Section 12 of the Act permits a CAA that is a public office or agency of a local unit of government to establish a board or directors or an advisory board. If a CAA has an advisory board, the chief elected official of the local unit of government is responsible for certain activities of a board of directors under the Act, and the advisory board is responsible for others. The bills would repeal Section 12.


The bills also would repeal Section 20, which set an effective date of October 1, 1981, for the Act.


MCL 400.1103 et al.


ARGUMENTS


(Please note: The arguments contained in this analysis originate from sources outside the Senate Fiscal Agency. The Senate Fiscal Agency neither supports nor opposes legislation.)


Supporting Argument

The bills would update a statute that has remained virtually unchanged since its enactment over 20 years ago, despite the transfer of the programs it authorizes to different State departments and agencies and the executive order abolition of the bureau and commission statutorily charged with administering the programs. The proposed changes include placing responsibility for administration of the programs under the Michigan Economic and Social Opportunity Act and the Federal CSBG program with the FIA (or other department designated by the Governor) and changing the composition of local CAA boards. The bills also would delete a provision limiting the number of terms an individual may serve on the State Commission. This provision could make it difficult to find community members willing to serve on the reconstituted Commission and deprive it of much-needed expertise on an important and complex area of public policy.
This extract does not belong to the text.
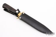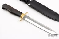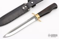 This Gentleman's Bowie by Armenian Doctor Knives features a mirror polished blade made from a file, false top edge but maintains the file ridges, .202" blade stock and .942" blade depth, hidden tang construction. The handle has a brass guard and collar with a dark wood grip. Comes with a black leather sheath. New from maker. Has one small ding on the guard from shipping. Really attractive knife.

Beyond updating the Act, the bills also would reconstitute within the FIA the Bureau and Commission originally established in the former Department of Labor under the Act. After years of being shuffled around in the executive branch, both were abolished and their functions absorbed by the FIA. By statutorily restructuring the Bureau and the Commission, the bills would demonstrate the State’s commitment to fight the causes and effects of poverty among its residents. This is particularly important during the current economic downturn, as the programs that are offered by the 30 local CAAs, which serve residents in all 83 counties, sustain low-income families in times of need. Further, these amendments would provide for increased coordination among the State, local units of government, CAAs, and other nonprofit human service organizations in the delivery of antipoverty services. This is particularly important when public funding is becoming more and more limited.
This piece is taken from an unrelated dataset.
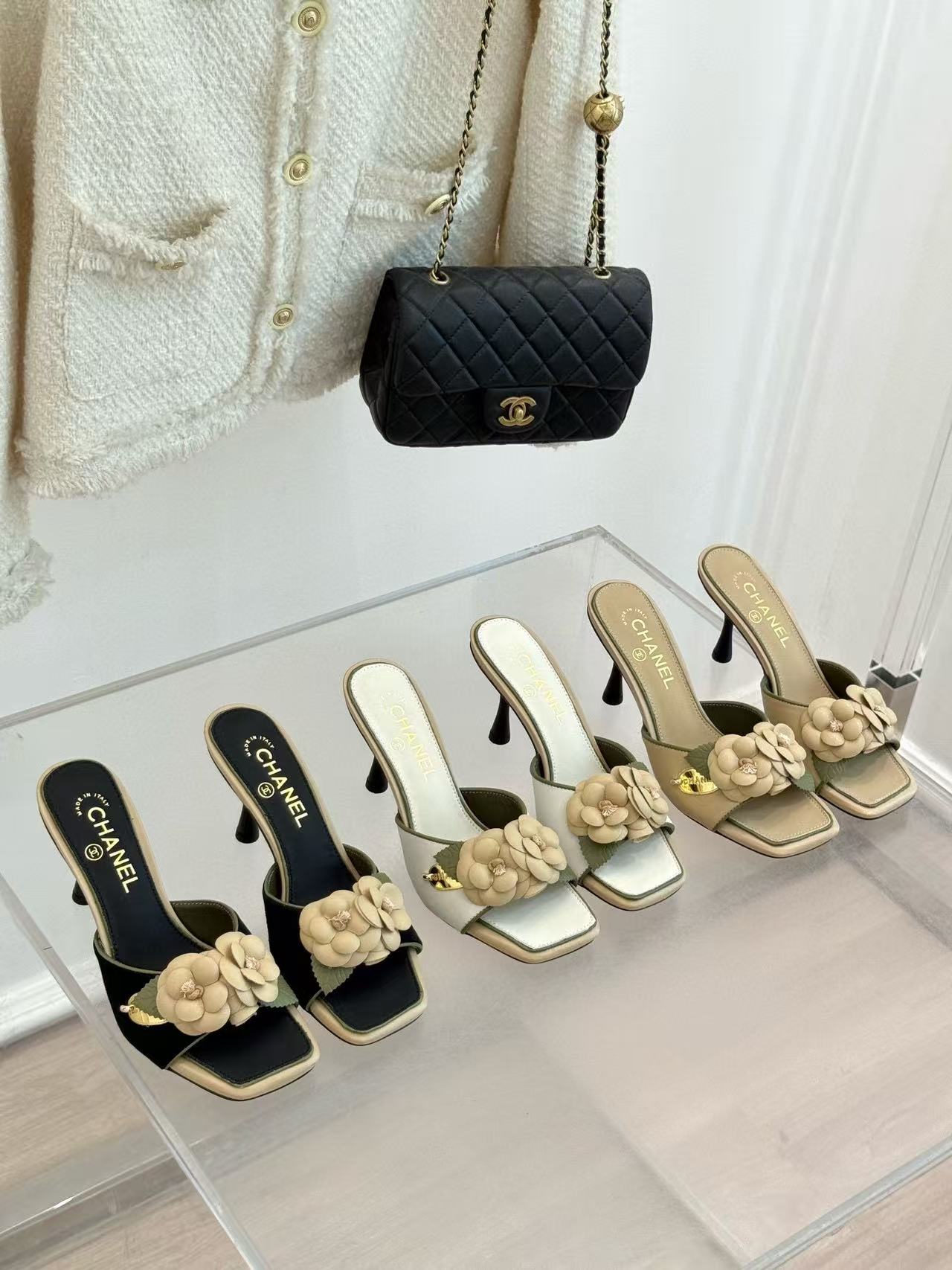CHANE1 高品質カメリアハイヒールスリッパ【50%割引+送料無料】

 - Legislative Analyst: Patrick Affholter


FISCAL IMPACT


The bills could have an indeterminate fiscal impact on the State. The State’s Federal CSBG allocation for FY 2003-04 is $24.4 million, $2.4 million of which is in Federal Temporary Assistance for Needy Families (TANF) funds. The majority, or 90%, of the CSBG funds and all of the TANF funds are passed through to CAAs for direct services or administration. The remaining funds are limited at 5% each for discretionary spending (training, technical assistance, and special CAA projects) and State administrative costs. The costs for administration could exceed the 5% limit as a result of an increase in the Commission’s responsibilities. The State could experience cost increases associated with salaries and wages and contractual services, supplies and materials, and would be required to use General Fund or other fund sources to augment CSBG funding availability for this purpose.
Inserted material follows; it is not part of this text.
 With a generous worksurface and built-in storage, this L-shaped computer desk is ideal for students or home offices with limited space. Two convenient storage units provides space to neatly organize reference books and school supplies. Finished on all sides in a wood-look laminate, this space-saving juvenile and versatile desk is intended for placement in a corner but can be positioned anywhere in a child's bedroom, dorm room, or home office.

In Senate Bill 283 (H-1) CR-1* (the FY 2003-04 FIA budget conference report), Section 417 limits expenditures of the Bureau and the Commission to 3.75% of CSBG funds, or $825,000, and requires a report to the Legislature on the use of the funds.


 - Fiscal Analyst: Constance ColeA0304\s501a

This analysis was prepared by nonpartisan Senate staff for use by the Senate in its deliberations and does not constitute an official statement of legislative intent.